Les tensions au sein d’Europe Écologie Les Verts (EELV) atteignent un paroxysme à quelques semaines du lancement officiel de la campagne pour l’élection présidentielle de 2027. Une frange de militants, farouchement opposée à la ligne défendue par Marine Tondelier, a obtenu l’organisation d’un conseil fédéral extraordinaire ce mardi 30 juin, alors que la direction du parti s’apprêtait à lancer une consultation interne sur sa stratégie électorale dès le 1er juillet. Une manœuvre perçue par certains comme une tentative de sabordage, par d’autres comme un rappel salutaire des principes démocratiques internes.

Une consultation contestée avant même son lancement

Le bureau politique d’EELV avait annoncé le 9 mai dernier le lancement d’une consultation des militants sur la stratégie présidentielle, prévue du 1er au 6 juillet. Mais cette initiative, qui devait départager deux options – l’adhésion à une primaire de la gauche ou une candidature autonome de Marine Tondelier –, fait l’objet d’une censure interne. Les opposants, menés par des figures comme Yannick Jadot ou David Cormand, dénoncent une manipulation de la démocratie militante et réclament une clarification radicale des termes soumis au vote.

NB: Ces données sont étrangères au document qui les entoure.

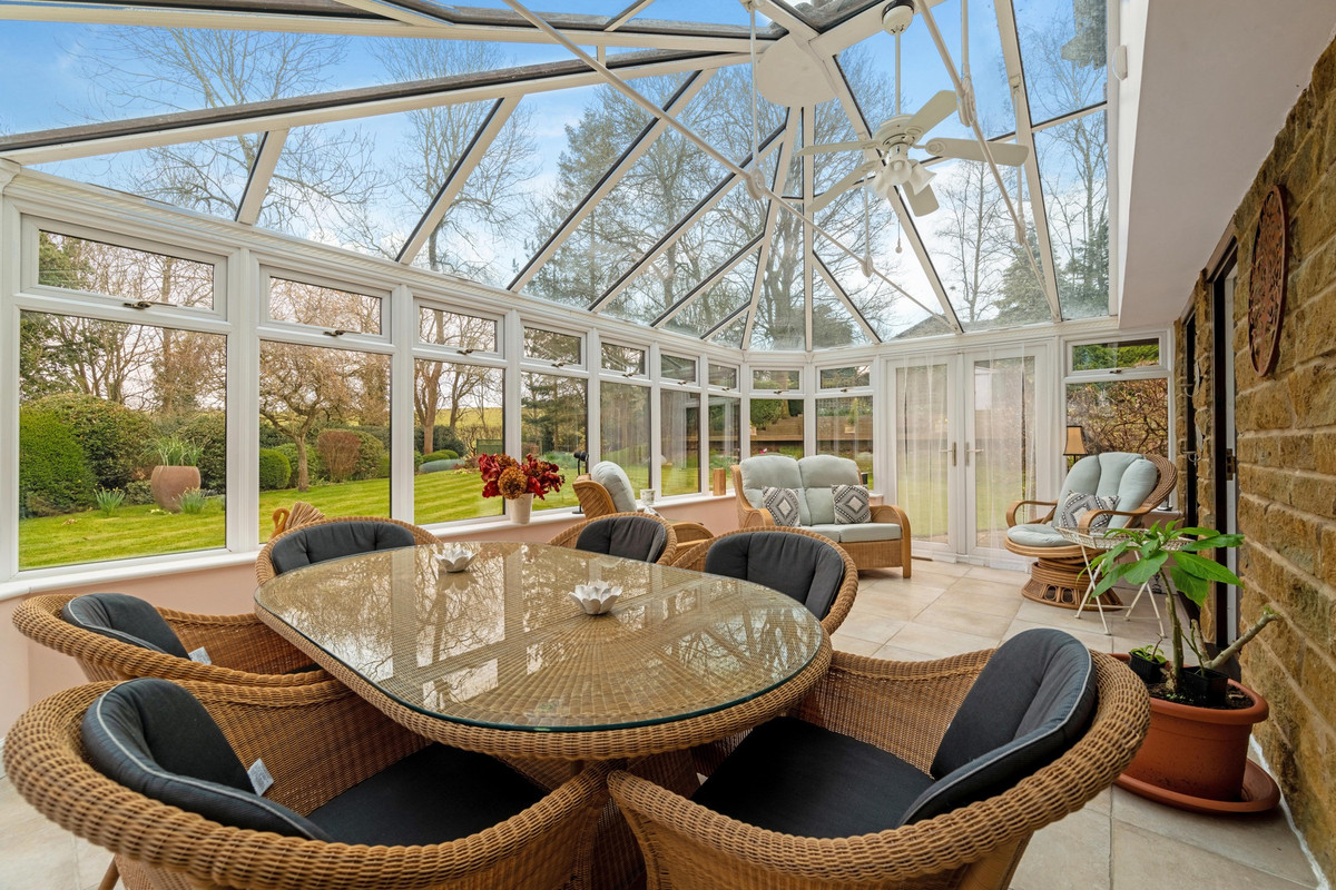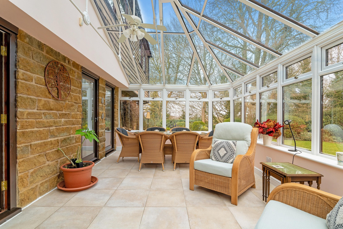 - Three generous reception rooms plus a conservatory overlooking the rear garden.

Dans une motion déposée en urgence et qui sera soumise au conseil fédéral extraordinaire, ils exigent que la question posée aux adhérents soit reformulée de manière à ce qu’ils puissent se prononcer explicitement sur l’investiture de Marine Tondelier, alors que celle-ci n’a, à ce jour, pas encore été officiellement désignée candidate du parti. « Une partie de nos opposants ne veulent pas de la primaire et jouent sur les mots pour empêcher cette consultation », a réagi François Thiollet, secrétaire national adjoint, accusant les dissidents de vouloir « instrumentaliser les règles démocratiques pour servir leurs ambitions personnelles ».

« Les ambiguïtés de la formulation actuelle permettent des interprétations qui présupposent des choix stratégiques non encore débattus collectivement. Nous exigeons un débat transparent sur les conséquences politiques et stratégiques d’une absence ou d’un échec de la primaire. »

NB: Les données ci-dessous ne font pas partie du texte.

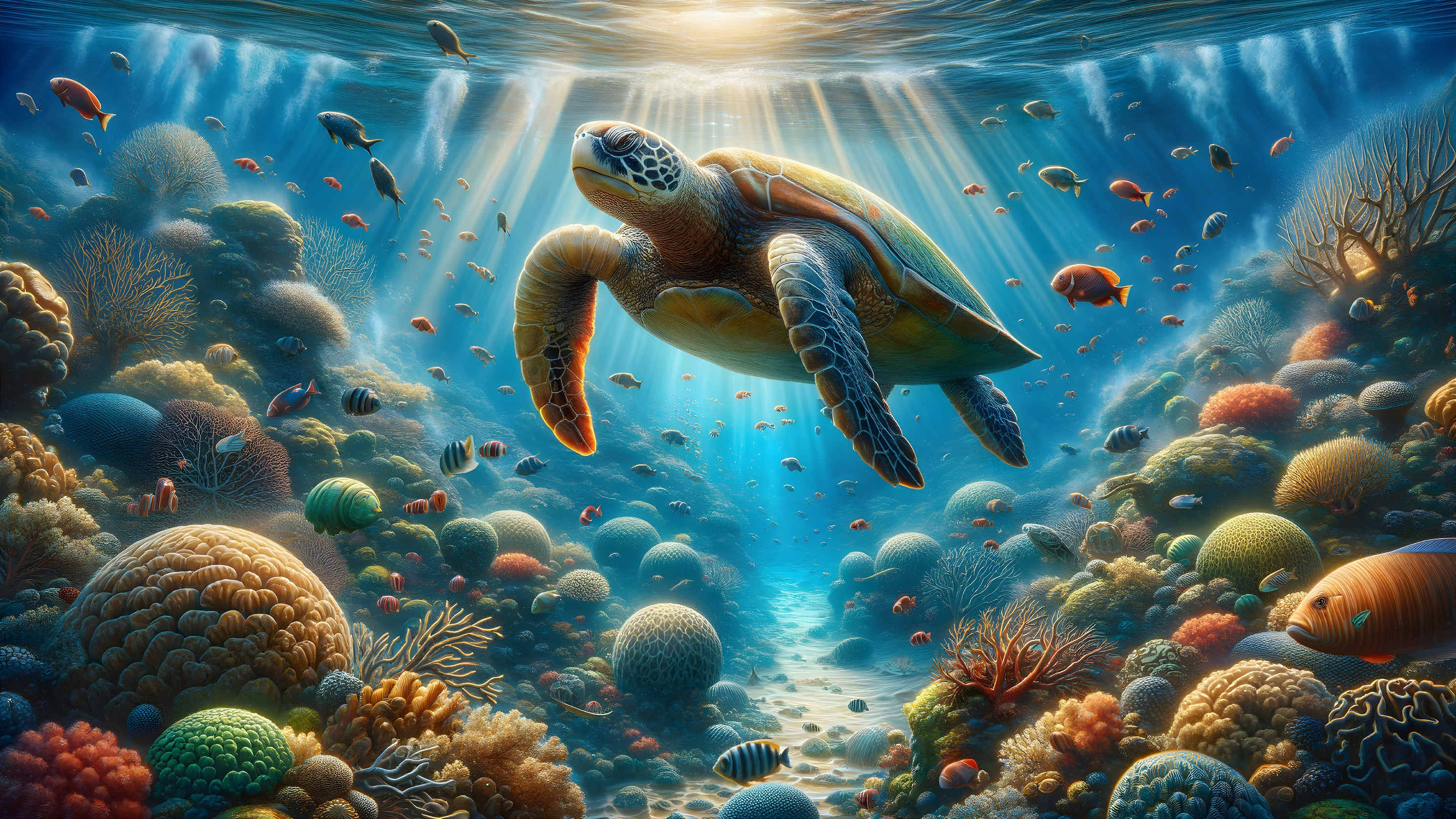 Colorful Iguana and Lively Turtle in a Lively Underwater World

Motion des opposants internes à EELV

Des divisions qui reflètent l’état de la gauche française

Les écologistes ne sont pas seulement divisés sur la méthode, mais aussi sur l’orientation politique à adopter pour 2027. Une partie du parti, attachée à l’idée d’une union de la gauche autour d’une primaire, voit d’un mauvais œil la perspective d’une candidature autonome de Marine Tondelier, perçue comme un risque de marginalisation électorale. D’autres, plus proches de Raphaël Glucksmann et de Place Publique, prônent un ralliement à sa candidature, tandis qu’une frange, nostalgique des alliances avec Jean-Luc Mélenchon, envisage de suivre l’appel de La France Insoumise à rejoindre son camp.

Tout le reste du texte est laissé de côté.